Originally, the pattern of organisation for commerce built on slavery was truly a triangular trade, a single ship leaving Britain carrying goods for exchange on the west coast of Africa, carrying the captive Africans purchased there across the Atlantic on the ‘Middle Passage’, and selling the survivors in the Americas in exchange for slave-grown produce, especially sugar and tobacco but also rum, coffee, indigo, spices and mahogany, which were brought back to Britain to fuel the consumer revolution of the eighteenth century. But as the system grew, the triangular trade became more of a metaphor. The slave-ships still fulfilled the first two legs, but often came home in ballast, while an important bilateral trade between Britain and the trans-Atlantic colonies developed, shipping plantation supplies to the colonies and returning with slave-grown produce in custom-built ‘West Indiamen’, ships capable of carrying far more cargo than slave-ships.
It is estimated that slavery-related business overall accounted for between one-third and 40 per cent of premium income in the second half of the 18th century. The insurance of the slave-voyages themselves accounted for an estimated 5-10% of total marine insurance premia. Of more financial importance to the insurance business were the ships sailing directly from Britain to the Caribbean and back, accounting for some 30% of total marine insurance premia paid.

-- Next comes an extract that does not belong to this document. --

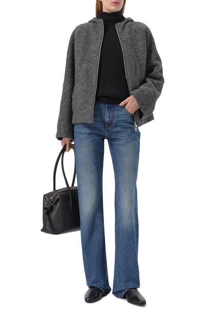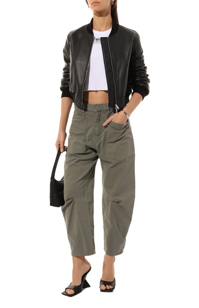 Бомбер силуэта oversize создан в коллаборации с Mowalola из хлопкового денима с гепардовым принтом. Куртка с горловиной, манжетами и поясом из трикотажа в рубчик дополнена рваными вставками сзади и эмблемой марки спереди. Модель с тремя карманами застегивается молнией.

Only fragmentary records exist for the marine insurance business of the eighteenth century outside the two incorporated firms. What does exist tends to support the view that the composition of the business done at Lloyd’s was not materially different from the marine insurance market as a whole, of which Lloyd’s came to make up an increasing share.
One index of the overlap of Lloyd’s and slavery is the analysis of the list of named subscribers to New Lloyd’s in 1771. Of the 77 surviving names, at least eight are known to have invested directly in slave-trading voyages, while a further seven were themselves slave-owners or lenders or annuitants secured on enslaved people .
The British slave-trade ended in 1807. British colonial slavery itself was abolished only in 1834. Lloyd’s entanglement in slavery did not end with Britain’s abolition of slavery. Cotton grown by enslaved people in the southern United States became a key driver of Britain’s industrialisation from the 1790s onwards, and the insurance of the shipping of raw cotton to Britain and of manufactured cotton products to markers worldwide remained an important part of Lloyd’s business, until the abolition of slavery in the United States in 1865 and in South America, with Brazil in 1888. The legacies of slavery in the colonial systems have continued to the present day.
Lloyd’s is not alone in beginning only recently to come to terms with its historical connections to slavery. The insurance of slave-ships and, under complex policies, of the captive Africans on board them, however, has an especial resonance and entails a specific responsibility of acknowledgement and repair, of which this fact sheet is one small part.